Lado outro, é sabido de todos que o Governo Federal está lutando para aprovar a Proposta de Emenda Constitucional da Previdência. Alega o Presidente da República que “se tiver votos para aprovar a reforma, o decreto pode ser cessado e após a votação ser novamente reiniciado” (https://g1.globo.com/politica/blog/gerson-camarotti/post/2018/02/16/com-intervencao-no-rj-temer-tira-prioridade-da-reforma-da-previdencia.ghtml). Essa medida é flagrantemente inconstitucional e o que mais causa alvoroço é saber que tal alegação partiu de um famoso constitucionalista brasileiro: Michel Temer! Se for levada a efeito será uma verdadeira fraude à nossa Constituição.

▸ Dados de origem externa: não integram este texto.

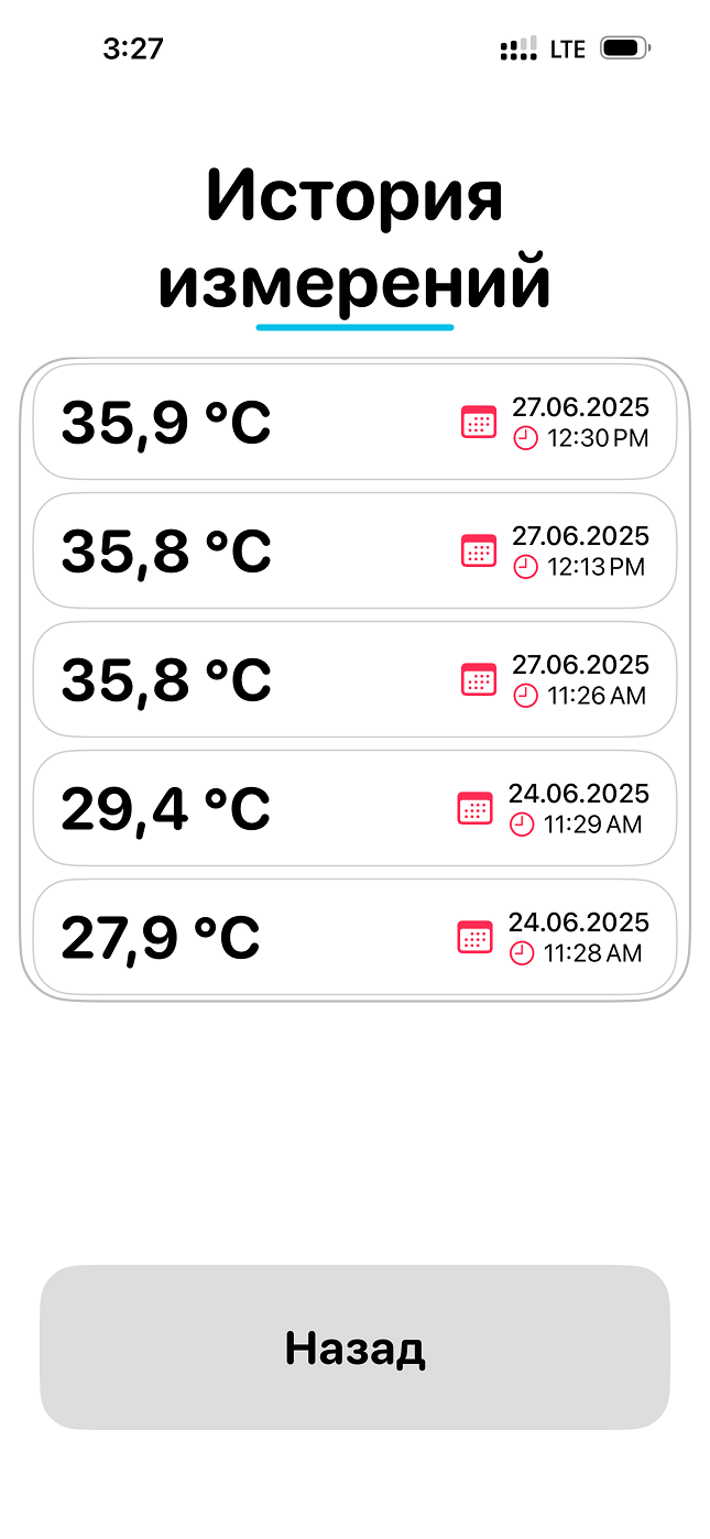 Нажав на синюю кнопку «История измерений» на первом экране, вы попадаете в список прошлых измерений. Заголовок «История измерений» выделен синим. Каждое измерение показано в отдельной карточке: температура (например, 35,9 °C), дата (27.06.2025) и время (12:30). Список упорядочен от новых к старым. Внизу экрана — серая кнопка «Назад» для возврата на главный экран. Список и кнопки озвучивает встроенный голос приложения при выключенном VoiceOver; при включённом VoiceOver все поля читает VoiceOver.

Por fim, no meio de várias inconstitucionalidades, necessário observar que o Presidente da República não consultou o Conselho da República e nem o Conselho de Defesa Nacional. A Lei nº 8.04190, em seu artigo 2º, inciso I, menciona que compete ao Conselho da República pronunciar-se sobre: a intervenção federal. Os artigos 90, inciso I, e 91, parágrafo 1º, inciso I, atribuem a esses órgãos competência para opinar sobre intervenções federais, e tal consulta deve ser feita antes da edição do decreto de intervenção. Ora, o Presidente da República não é obrigado a seguir a opinião dos Conselhos, mas é obrigatório o pronunciamento prévio.

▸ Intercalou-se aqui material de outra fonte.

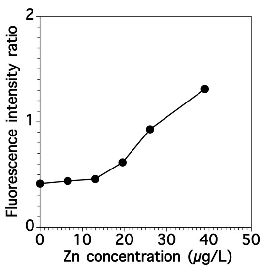We investigated the interfering effect of Zn on Cd determination using fluorescence spectroscopy. Figure 7 shows the relationship between the fluorescence intensity ratio and the Zn concentration while the Cd concentration was kept constant at 33.6 μg-Cd/L-solution (0.3 μM). The ratios gradually increased and an interfering effect was observed at Zn concentrations above 19.5 μg-Zn/L-solution (0.3 μM). Although no Zn was detected in the elution fraction, the Zn concentration should be kept below 19.5 μg-Zn/L-solution when using this method.

Por fim, as medidas que porventura serão implantadas são meramente paliativas, extremamente caras e sem nenhum impacto na violência. Não houve nenhum planejamento prévio. O próprio General Comandante Militar do Leste disse que o trabalho de integração entre as forças de segurança já vem sendo feito há tempos. Haverá uma falsa sensação de segurança, porém os criminosos atravessarão a fronteira do Estado do Rio de Janeiro, levando violência para os Estados vizinhos, tal qual ocorreu por ocasião da implantação das UPP’s. Depois, retornarão aos seus redutos, indo a conta de toda a logística para o povo brasileiro.